Sunday Aug 15, 2004

Saw an email from one of the folks that works on java.net. He got an inquiry about open-sourcing Alameda and was asking about the idea. The powers to be are pondering that one, and I don't have much insight into their decision-making, but it is an interesting idea.

I guess the key question for me, is whether enough of audience for Watson are developers that are willing to contribute to it, or are they mostly consumers? Ie. is there enough grassroots effort to support it?
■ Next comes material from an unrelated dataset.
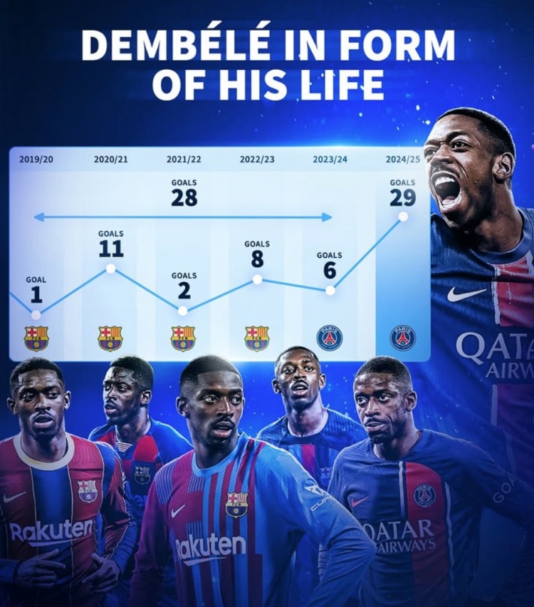 2025-03-12 09:35:52真-登球王!登贝莱本赛季狂轰29球,此前为巴萨&巴黎5赛季共28球

Despite having a small part in the java.net launch, I don't follow closely the open source world. Yeah, I of course I use software from open source projects (bugzilla rules!) and I follow some of the news. I even started reading the book "The Bazaar". But I'm not deep into it. So much of my job is worrying about keeping servers stable and interpreting marketing requests rather than doing cool technical work. I started wondering about how opensourcing Alameda would change the business model. The answer I came to, is not very much. Here is how I think it would work, you give the client away for free, although maybe at some point a distributor will charge for packaging it with doc & support. It comes with some channels for free, but others have to be paid for (especially if the matching backend service charges), probably on a subscription basis. Often there is a choice between HTML scraping for free (breaks easily) and accessing feeds/webservices for a price.

Word is that, glow (cool calendar Swing app) might be open sourced too.